Tenuta San Guido
About the Producer:
Sassicaia, once called Italy’s greatest red wine by the eminent English author Hugh Johnson, was the harbinger of the modern vogue for Cabernet Sauvignon in Tuscany. Considered the original Super-Tuscan, and ranking for decades as the nation’s most illustrious vino da tavola, Sassicaia became, in 1994, Italy’s first wine from a single property to be awarded a DOC with a special zone of its own under the Bolgheri appellation.
The Sassicaia story began half a century earlier, when Marchese Mario Incisa della Rocchetta, a native of Piedmont, planted cuttings of Cabernt vines from Bordeaux’s Chateau Lafite at his San Guido estate. That area, the Marmma, on the coast of Tuscany, was not considered suited to quality vines, and for years Mario Incisa made a little wine for family and friends while concentrating on his main occupation of raising thoroughbred racehorses.
Eventually, though, word of Sassicaia’s undeniable signs of class spread, and from the 1968 vintage Incisa’s nephew, Pieto Antinori, of the prominent Florentine house, talked him into selling 3,000 bottles. Antinori winemaker Giacomo Tachis, assisted by the eminent Bordeaux enologist Emile Peynaud, gave Sassicaia a style that influenced a generation of Italian winemakers. The wine became a legend after a tasting sponsored by Decanter magazine in London in 1978 in which is triumphed over 34 select Cabernets from around the world.

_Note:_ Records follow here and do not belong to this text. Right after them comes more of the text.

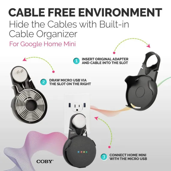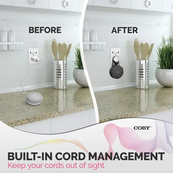 - BUILT-IN TIDY CORD MANAGEMENT: COBY's wall bracket mount is a perfectly sized cord holder that keeps your Mini Home speaker's electrical cord out of sight, no crimping or sagging
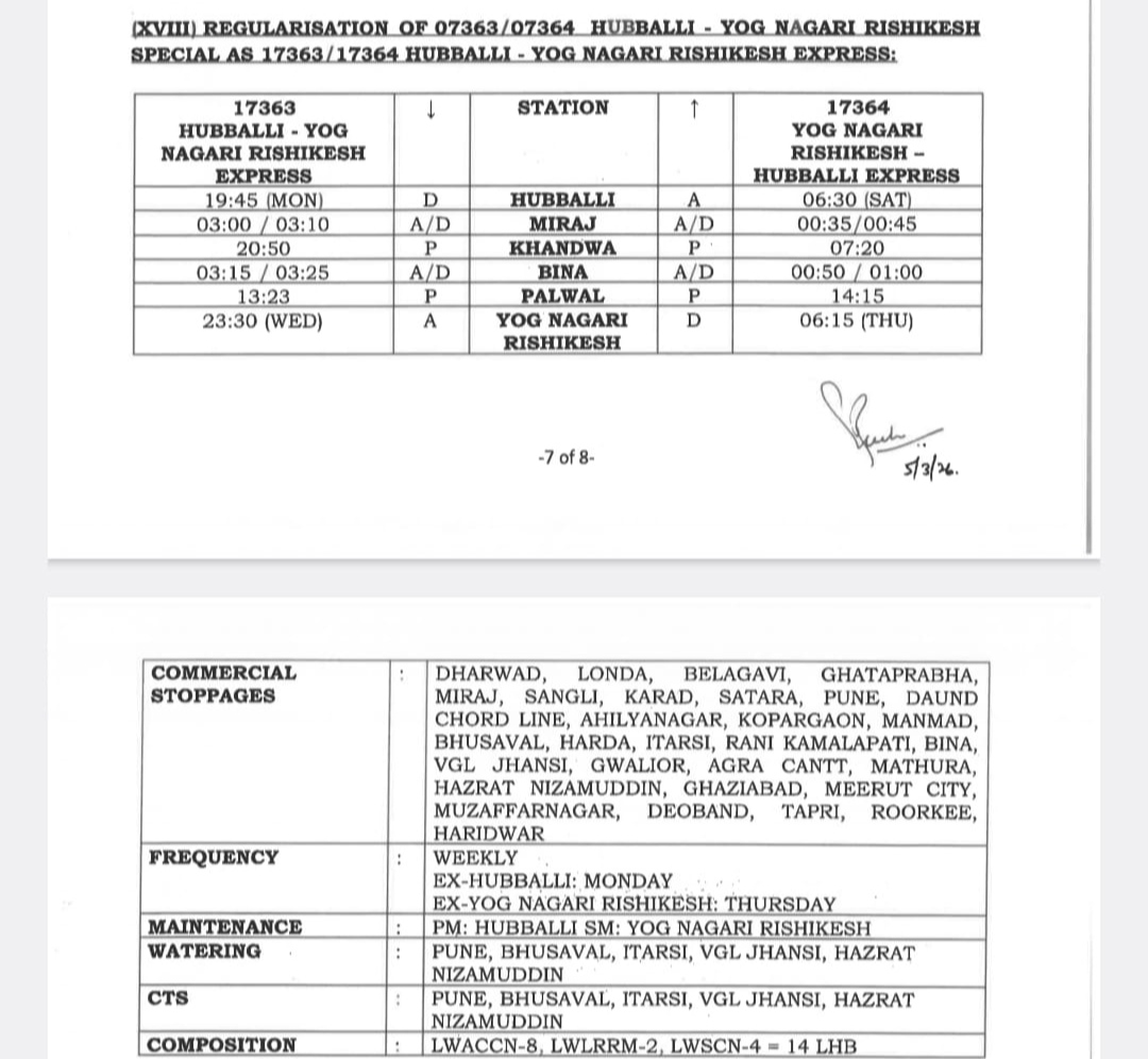 गाडी क्रमांक 07363/64 हुबळी ते योगनगरी ऋषिकेश साप्ताहिक स्पेशल आता कायमस्वरूपी गाडी क्रमांक 17363/64 हुबळी योगनगरी ऋषिकेश (हरिद्वार) साप्ताहिक एक्सप्रेस म्हणून धावेल.
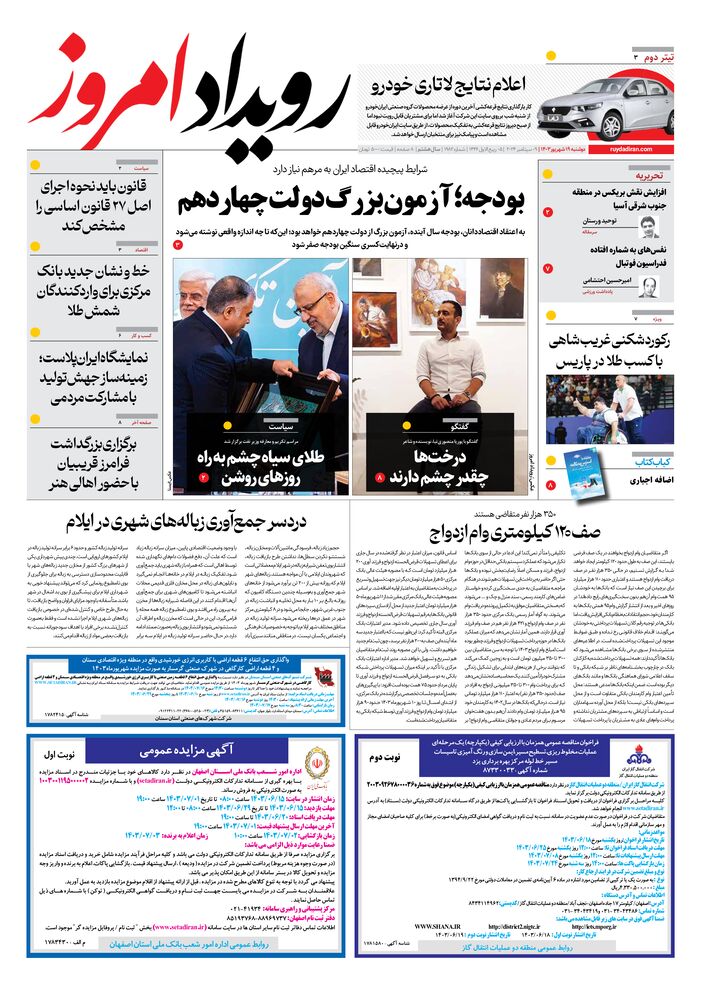روزنامه رویداد امروز شماره 1982
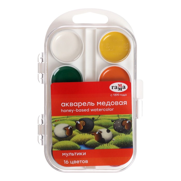 Акварель 16 цветов, "Гамма" "Мультики", без кисти, в пластиковой коробке
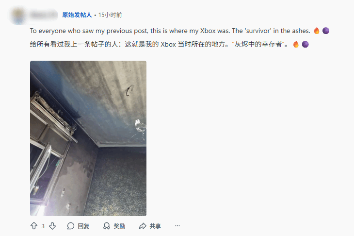 面对网友的质疑,发帖玩家也晒出了家中失火后的现场照片,从照片中能清晰看到,整间屋子从天花板到地板都被烟火熏得漆黑一片,火势的猛烈程度可见一斑,也从侧面印证了Xbox主机幸存的不易。

Since Mario Incisa’s death in 1983, the estate has been run by his son Nicolo, who has sagely expanded vineyard and built production to about 150,000 bottles annually. In keeping with the dignified estate image inspired by Bordeaux, the Incisa della Rocchetta family insists on making only one wine exclusively from its own vineyards.
Sassicaia, in great demand around the world, recently fetched $5,175 for six bottles of the 1985 vintage at a Christie’s auction in New York. Some of its most ardent admirers in the North America refer to the wine simply as “Sass”.